Первого же марта появилась большая статья знаменитого Стасова, отмолчавшегося о «Стрельцах» и «Меншикове в Березове». Критик простаивал перед «Боярыней Морозовой» часами. Картина не отпускала его от себя.

«Кто между членами Товарищества сделал громадный шаг вперед — это Суриков. Он выступил вдруг каким-то преображенным, сильно выросшим художником. Его нынешний шаг вперед напомнил мне тот шаг, какой несколько лет тому назад сделал Куинджи, когда выставил свою «Ночь на Днепре». Это было целое откровение, это было что-то вроде завесы, приподнятой над углом русского искусства. Суриков создал теперь такую картину, которая, по-моему, есть первая из всех наших картин на сюжеты из русской истории. Выше и дальше этой картины и наше искусство, то, которое берет задачей изображение старой русской истории, не ходило еще. При первом взгляде на эту картину я был поражен до глубины души. Такое впечатление производили на меня очень немногие, лишь самые редкие русские картины. Сила правды, сила историчности, которыми дышит новая картина Сурикова, поразительны» [26].

И далее — углубление в картину:

«Глядишь на картину и чувствуешь себя перенесенным в тогдашнюю Москву, еще полудеревню, но сияющую стройными церквами; чувствуешь себя среди тогдашнего люда, среди тогдашних насущных, жгучих интересов. Вся эта толпа, движущаяся перед нашими глазами, наполнена тогдашними делами, тогдашними волнениями.

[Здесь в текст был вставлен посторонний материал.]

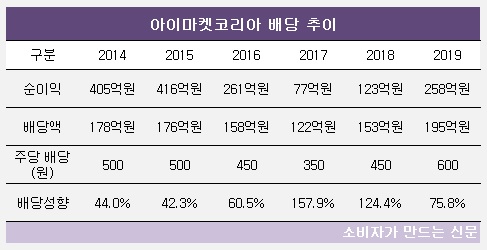 아이마켓코리아는 2019년 회계연도에 주당 600원의 배당을 결정했다. 역대 최대 규모다. 배당총액은 195억 원으로 전년에 비해 27.6% 증가했다. 2019년도 배당성향은 75.8%에 달한다.
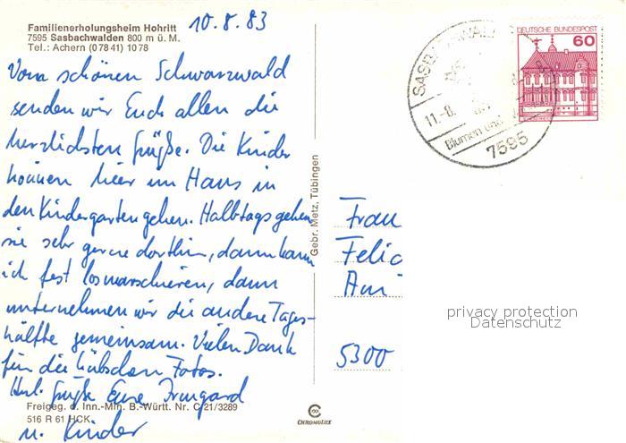 72785541 alte Postkarte Sasbachwalden Fliegeraufnahme Erholungsheim Hohritt postalisch gelaufen Erhaltung siehe scans [AndreD76] KatCode: 11110008317118
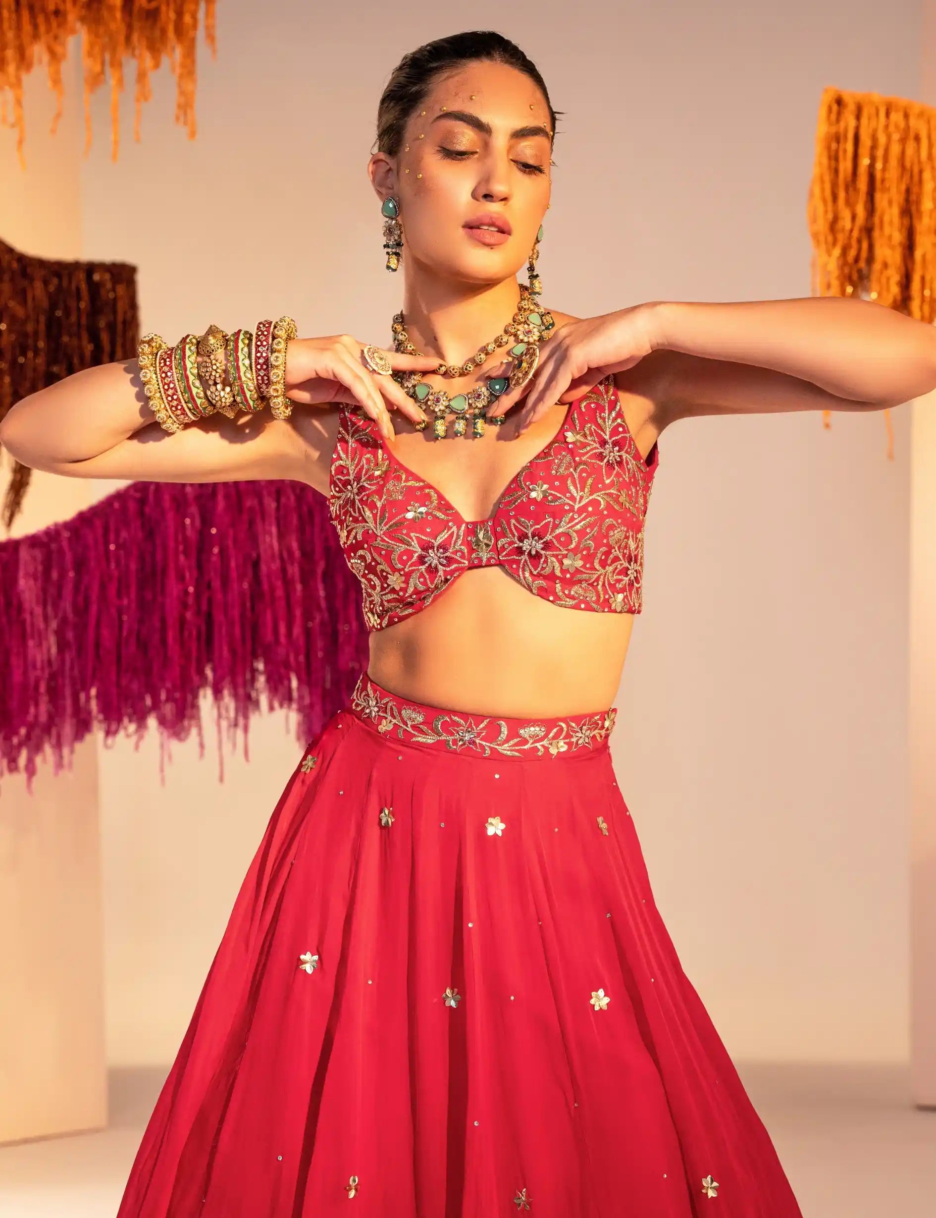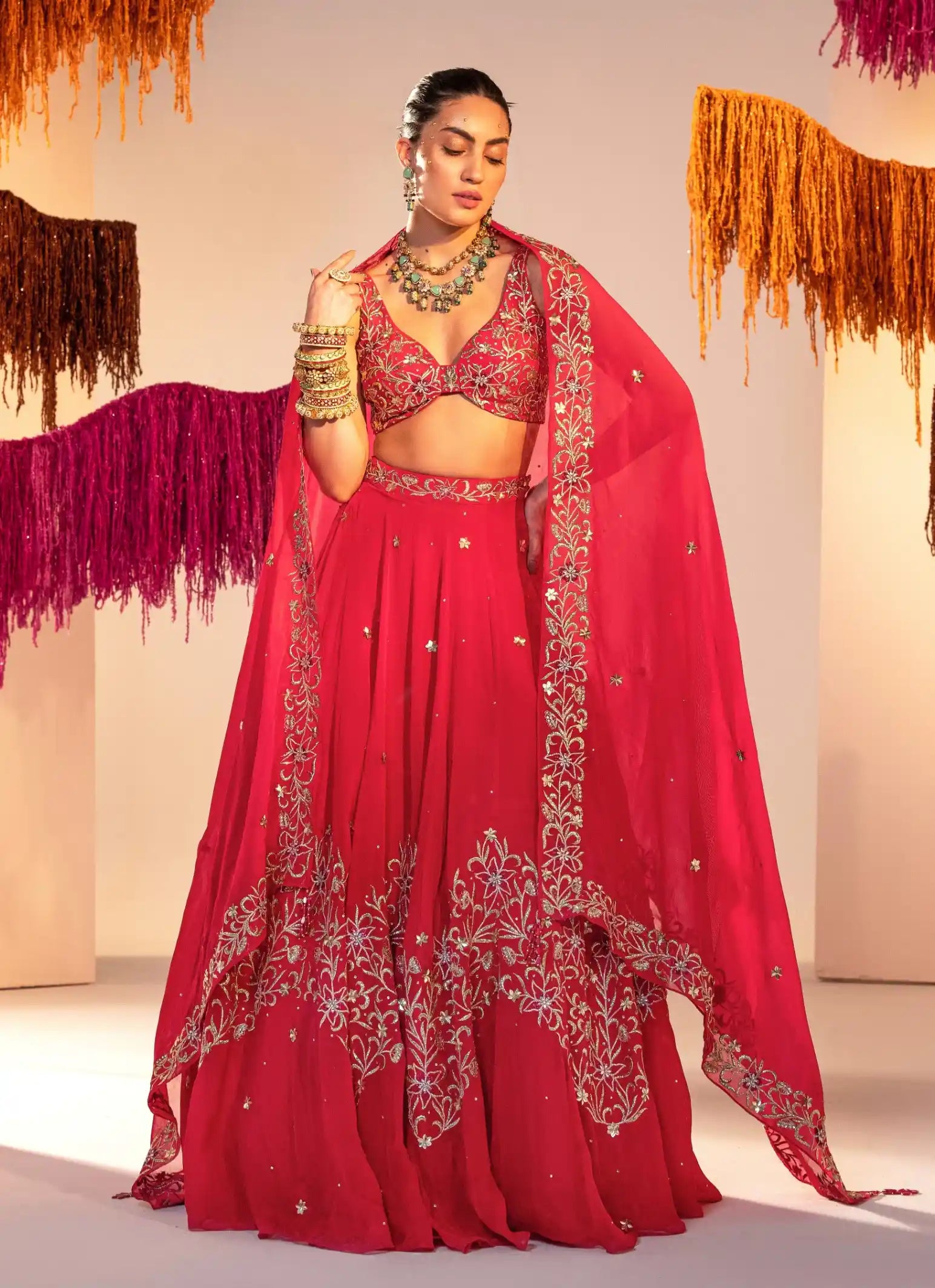 Components: 3 pieces (Lehenga, blouse, dupatta)

Все московское население высыпало из своих домов, на сугробы снега, навалившиеся горами на улицы. И молодые, и старые, и богатые, и бедные, и знатные аристократы, и темная чернь, все это повыскакало из домов и толпится на улице, на ступеньках церкви, на заборах. Грозная, всех захватывающая сцена совершается в эту минуту в Москве. Важную госпожу, знаменитую, всему городу известную боярыню Морозову, везут на пытку, на страшные истязания, в подземную тюрьму, где ей суждено без вести пропасть и умереть; но наперед надо, чтобы вся Москва ее повидала, поглумилась и покуражилась над нею, дала бы ей хорошенько испытать, что такое народная ненависть и расправа».

Стасов, описав картину, словно останавливается после разбега: «…того не случилось. Не вся Москва, не весь народ согласился позорить Морозову и глумиться над нею. Только самая тупая, неразумная, грубая, полуживотная чернь, еще не способная что-нибудь понимать, да аристократия тогдашняя — бояре в золоте и галунах, да попы темные хохочут и радуются, когда мимо них проезжает, на своих страшных розвальнях, несчастная женщина. Масса народная, все «униженные и оскорбленные», все малые и ничтожные, смотрят на свою боярыню с потрясенной душой, с глубокой симпатией. Они знают только одно: какая она была добрая и чудесная, какая она была до всех милостивая, и как она сокрушалась о народных нуждах, и как она стояла за старую жизнь, за старые отцовские предания, всем дорогие и любезные. И вот они стоят все, по дороге, где едут розвальни, выразив на лице глубокое чувство любви и сострадания».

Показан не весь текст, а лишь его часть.